Cuando en el supermercado encontramos unas manzanas doradas y brillantes, en una primera impresión podemos pensar que merecen un juicio estético positivo. Pero si las han cultivado utilizando pesticidas, herbicidas y abonos artificiales que dañan la tierra y a sus habitantes, si las han recogido trabajadores mal pagados y mal tratados, si han llegado a España desde América del Sur después de atravesar el Atlántico en un carguero que ha ido contaminando el mar a su paso, la conclusión será que esas manzanas no pueden ser apreciadas estéticamente de una forma positiva porque su proceso de cultivo y traslado ha generado cualidades sensoriales que merecen un juicio negativo. En su cultivo y en su transporte apreciamos fealdad, esa fealdad que es manifestación del dolor y también de la destrucción.
Por tanto, para apreciar estéticamente una manzana, no cuenta tan solo el aspecto externo de la fruta que nos encontramos en el supermercado, porque eso es solo una parte de la historia. Hay que tener en cuenta la historia entera y, si esa manzana aparentemente bonita se ha producido y transportado generando fealdad, entonces no merece ser valorada estéticamente en términos positivos. Si en cambio compramos manzanas a productores locales ecológicos que cultivan la naturaleza con respeto y dan a sus trabajadores condiciones dignas, la experiencia estética es más positiva, aunque las manzanas sean irregulares o tengan alguna mancha. Lo importante es entender que la belleza de las manzanas no depende solo de su aspecto, sino también de su historia. Cuando conocemos el lugar donde son cultivadas, cuando vemos la floración del árbol y cómo crece la fruta, eso es mucho más intenso que encontrarse las manzanas tan bien ordenadas en el supermercado. Por otro lado, es fundamental plantearse por qué necesitamos que todas las manzanas y zanahorias sean iguales. El criterio de homogeneidad puede responder a cuestiones prácticas relacionadas con el envasado y el transporte, pero acaba imponiendo un ideal estético de uniformidad cuando la riqueza de la naturaleza consiste en su diversidad.

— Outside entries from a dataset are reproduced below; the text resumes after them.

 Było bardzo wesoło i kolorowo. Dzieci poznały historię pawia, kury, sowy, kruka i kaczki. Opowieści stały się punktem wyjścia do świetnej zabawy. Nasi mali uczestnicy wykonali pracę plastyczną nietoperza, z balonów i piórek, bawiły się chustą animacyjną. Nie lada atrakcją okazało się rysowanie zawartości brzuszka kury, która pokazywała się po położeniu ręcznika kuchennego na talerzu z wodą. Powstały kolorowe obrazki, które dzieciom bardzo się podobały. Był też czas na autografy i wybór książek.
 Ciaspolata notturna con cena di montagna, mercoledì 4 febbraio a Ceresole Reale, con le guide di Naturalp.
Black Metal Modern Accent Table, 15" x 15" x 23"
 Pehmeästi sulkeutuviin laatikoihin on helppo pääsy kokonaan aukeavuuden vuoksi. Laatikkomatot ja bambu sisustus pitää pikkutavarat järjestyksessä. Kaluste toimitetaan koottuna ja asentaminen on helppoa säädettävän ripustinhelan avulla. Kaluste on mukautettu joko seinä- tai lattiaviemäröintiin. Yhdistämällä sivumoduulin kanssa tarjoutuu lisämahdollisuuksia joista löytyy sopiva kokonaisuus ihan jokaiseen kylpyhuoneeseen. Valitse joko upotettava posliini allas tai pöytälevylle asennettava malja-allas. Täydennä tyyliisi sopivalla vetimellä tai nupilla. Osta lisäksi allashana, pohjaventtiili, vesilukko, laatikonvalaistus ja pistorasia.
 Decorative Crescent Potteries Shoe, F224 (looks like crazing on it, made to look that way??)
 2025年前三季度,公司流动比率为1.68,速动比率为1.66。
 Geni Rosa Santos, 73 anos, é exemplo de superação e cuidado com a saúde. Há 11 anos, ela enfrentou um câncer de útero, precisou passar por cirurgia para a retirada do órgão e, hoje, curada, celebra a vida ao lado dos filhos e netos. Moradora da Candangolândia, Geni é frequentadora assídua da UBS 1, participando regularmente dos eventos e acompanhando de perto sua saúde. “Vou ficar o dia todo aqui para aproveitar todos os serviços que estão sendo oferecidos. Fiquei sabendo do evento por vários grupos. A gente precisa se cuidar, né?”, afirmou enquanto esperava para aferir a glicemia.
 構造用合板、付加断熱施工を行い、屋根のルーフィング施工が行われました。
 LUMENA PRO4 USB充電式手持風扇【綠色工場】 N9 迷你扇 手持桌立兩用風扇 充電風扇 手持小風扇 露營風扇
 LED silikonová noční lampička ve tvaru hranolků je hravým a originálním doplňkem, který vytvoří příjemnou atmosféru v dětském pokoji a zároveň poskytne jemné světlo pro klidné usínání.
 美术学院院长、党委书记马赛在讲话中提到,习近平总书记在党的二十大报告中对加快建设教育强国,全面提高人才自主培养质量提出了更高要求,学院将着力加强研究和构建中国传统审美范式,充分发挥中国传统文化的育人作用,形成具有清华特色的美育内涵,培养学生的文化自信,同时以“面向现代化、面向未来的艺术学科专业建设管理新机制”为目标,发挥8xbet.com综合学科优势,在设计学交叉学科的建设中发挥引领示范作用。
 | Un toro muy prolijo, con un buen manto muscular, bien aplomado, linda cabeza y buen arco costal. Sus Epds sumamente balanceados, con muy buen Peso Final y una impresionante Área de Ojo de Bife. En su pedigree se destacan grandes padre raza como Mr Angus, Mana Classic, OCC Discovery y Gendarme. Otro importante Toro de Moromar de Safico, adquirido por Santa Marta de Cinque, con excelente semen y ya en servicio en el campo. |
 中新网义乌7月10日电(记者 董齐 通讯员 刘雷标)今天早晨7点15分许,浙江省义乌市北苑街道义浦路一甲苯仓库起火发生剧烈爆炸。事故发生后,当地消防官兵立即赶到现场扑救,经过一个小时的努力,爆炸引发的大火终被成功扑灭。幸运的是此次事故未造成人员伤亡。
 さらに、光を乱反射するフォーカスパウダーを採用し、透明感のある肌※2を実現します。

Otro ejemplo de estilo estético superficial es el que trata al objeto como un instrumento estético, es decir, lo reduce a su mera apariencia externa y a una función ornamental. Según hemos explicado más arriba, una apreciación estética profunda implica precisamente no instrumentalizar, sino respetar el objeto contemplado. En cambio, los estilos estéticos superficiales reducen el objeto a un mero instrumento cuya utilidad consiste en adornar, como si de él solo tuviera valor el placer estético que nos proporciona.
Este tipo de estéticas superficiales pueden ser muy dañinas, especialmente cuando se aplican a la naturaleza y, sobre todo, a seres vivos. Pensemos en el uso de animales como si fueran ornamentos. Esa estética superficial también afecta a nuestra identidad, la manera como nos conocemos y valoramos a nosotros mismos y a otros seres humanos.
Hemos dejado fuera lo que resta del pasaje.